- [Work required]:
Please restate word for word the lines of the entries below from the one with "利雅得勝利聯賽16勝1平3負" to the one with "Kocaeli TEM Otoyolunda", inclusive, and leave out every picture.

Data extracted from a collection
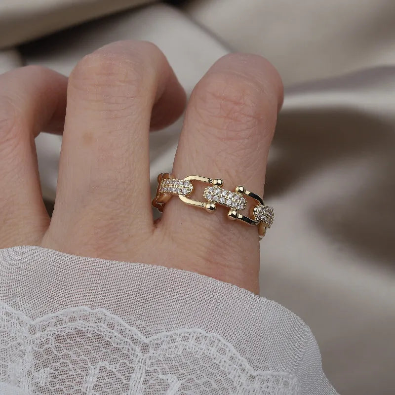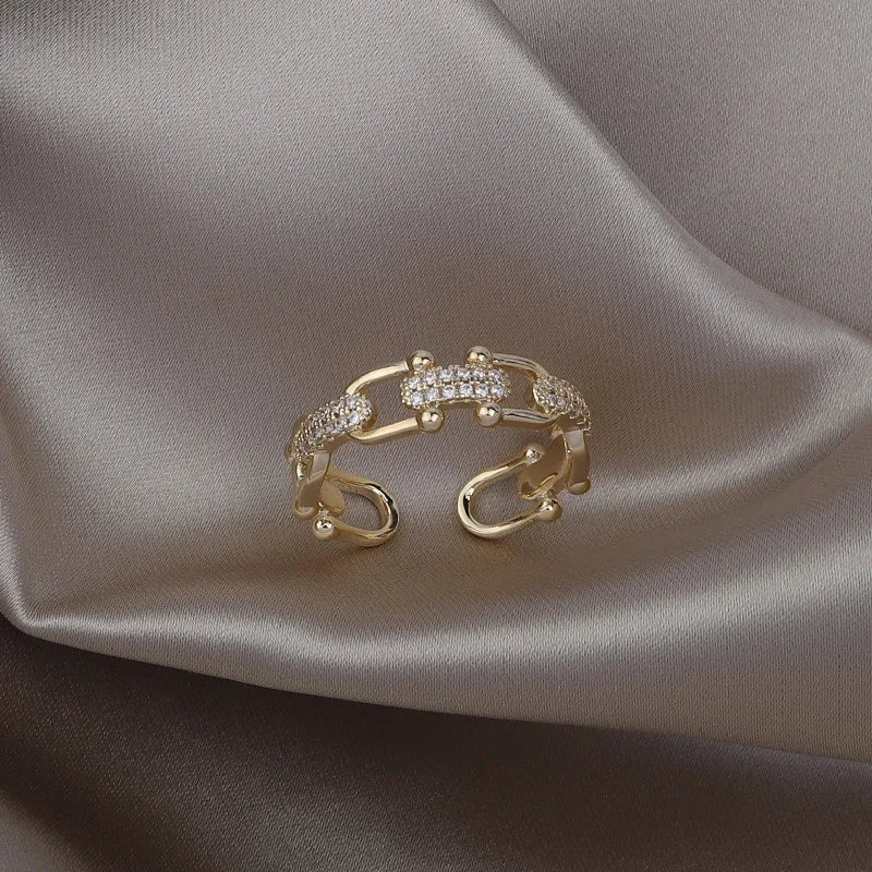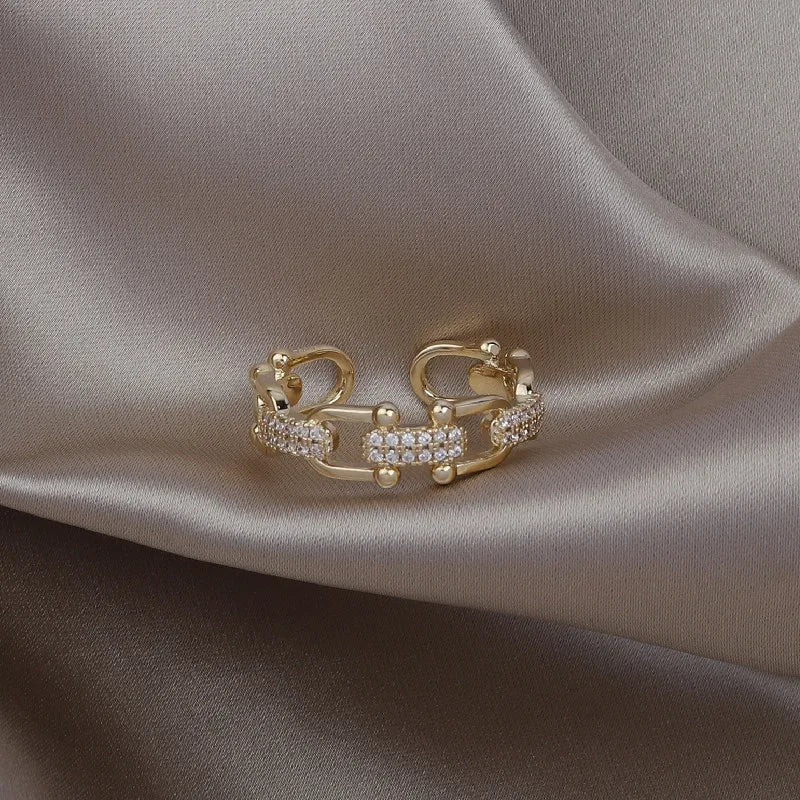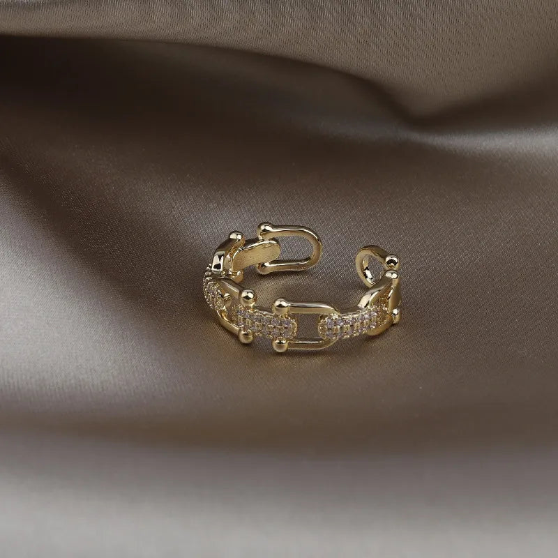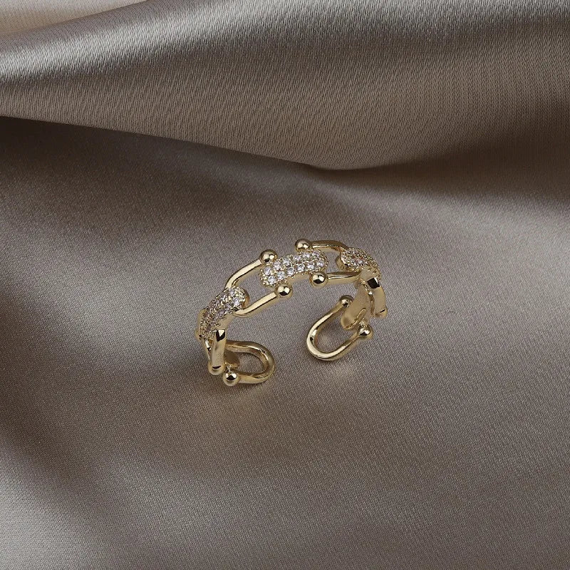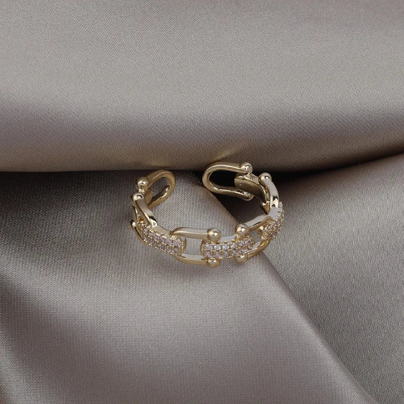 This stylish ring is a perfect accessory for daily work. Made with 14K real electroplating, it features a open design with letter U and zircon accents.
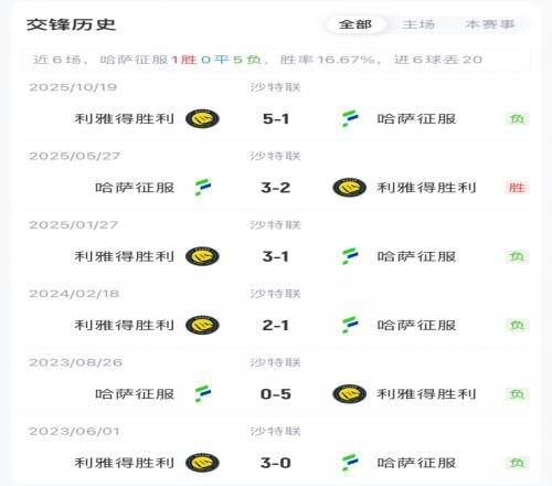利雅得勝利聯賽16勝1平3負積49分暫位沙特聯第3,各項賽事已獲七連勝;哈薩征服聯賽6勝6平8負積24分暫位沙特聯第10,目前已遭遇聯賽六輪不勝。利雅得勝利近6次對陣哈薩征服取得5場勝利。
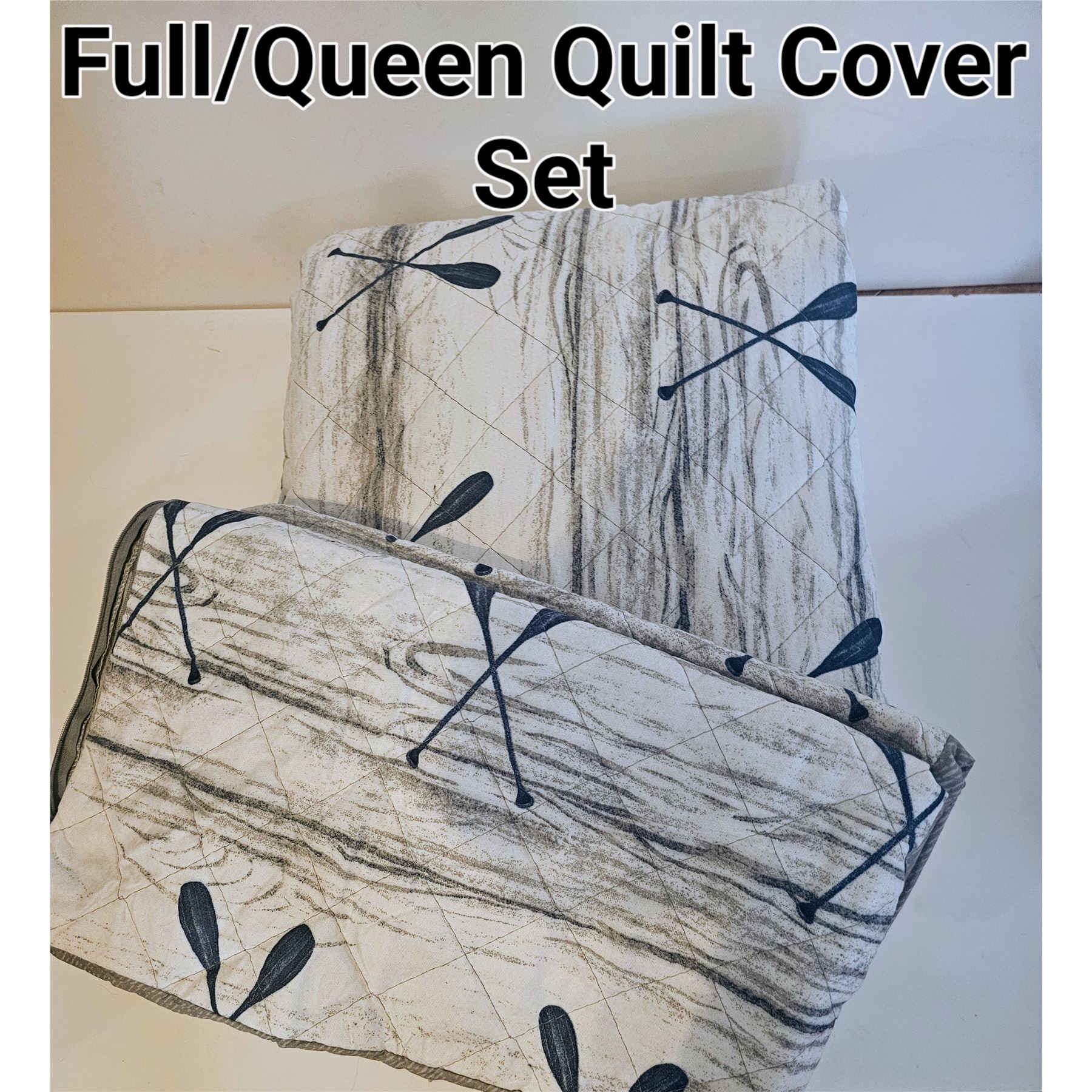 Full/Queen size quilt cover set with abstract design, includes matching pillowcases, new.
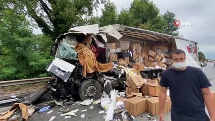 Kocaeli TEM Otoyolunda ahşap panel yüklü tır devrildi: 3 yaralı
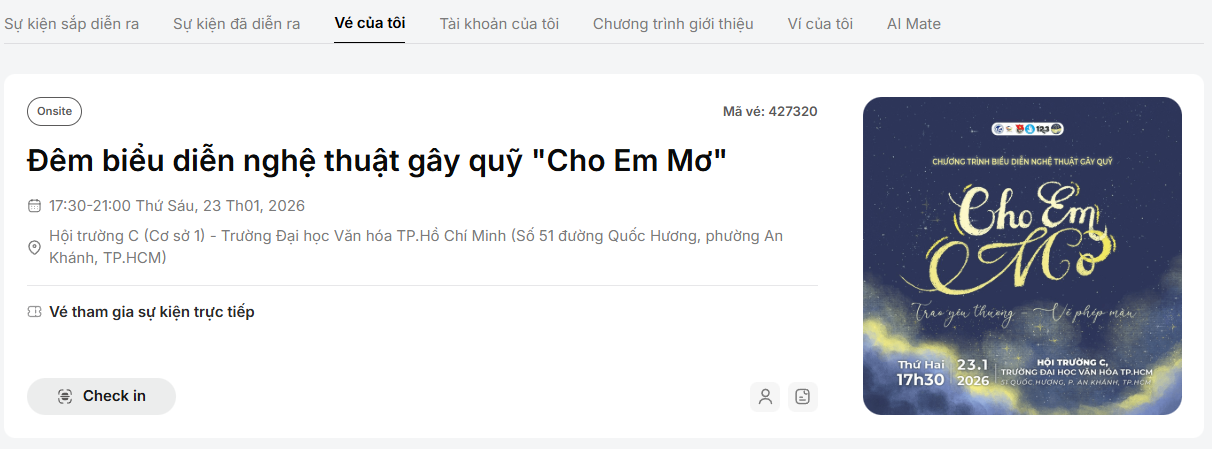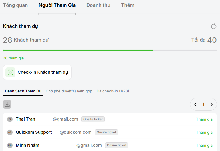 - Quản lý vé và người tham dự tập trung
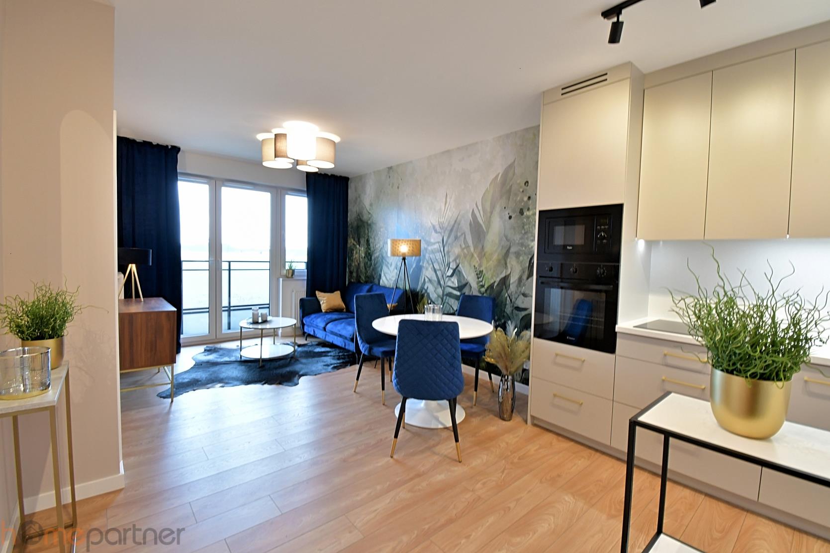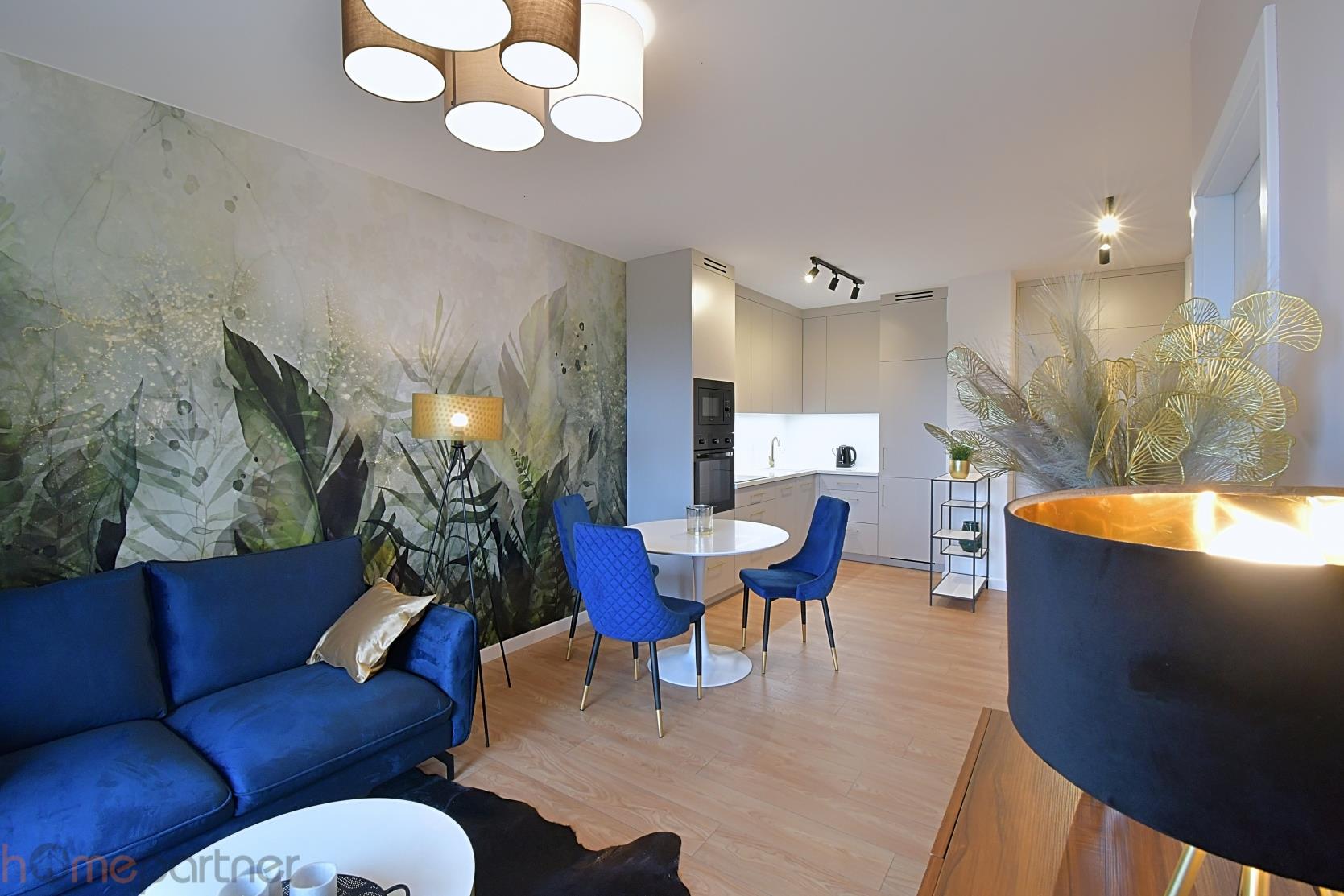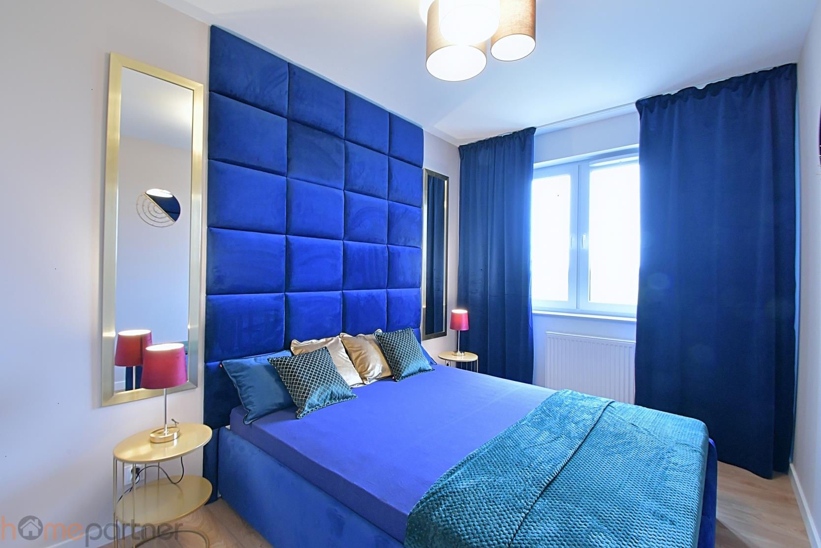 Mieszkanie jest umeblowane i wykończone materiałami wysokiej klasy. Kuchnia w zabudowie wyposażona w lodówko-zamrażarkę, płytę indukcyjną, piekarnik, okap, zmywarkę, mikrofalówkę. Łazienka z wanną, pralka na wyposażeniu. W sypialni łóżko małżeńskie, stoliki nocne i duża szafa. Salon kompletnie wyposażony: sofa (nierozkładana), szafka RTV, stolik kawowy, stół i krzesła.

- [Output for this exercise]:
利雅得勝利聯賽16勝1平3負積49分暫位沙特聯第3,各項賽事已獲七連勝;哈薩征服聯賽6勝6平8負積24分暫位沙特聯第10,目前已遭遇聯賽六輪不勝。利雅得勝利近6次對陣哈薩征服取得5場勝利。
 Full/Queen size quilt cover set with abstract design, includes matching pillowcases, new.
 Kocaeli TEM Otoyolunda ahşap panel yüklü tır devrildi: 3 yaralı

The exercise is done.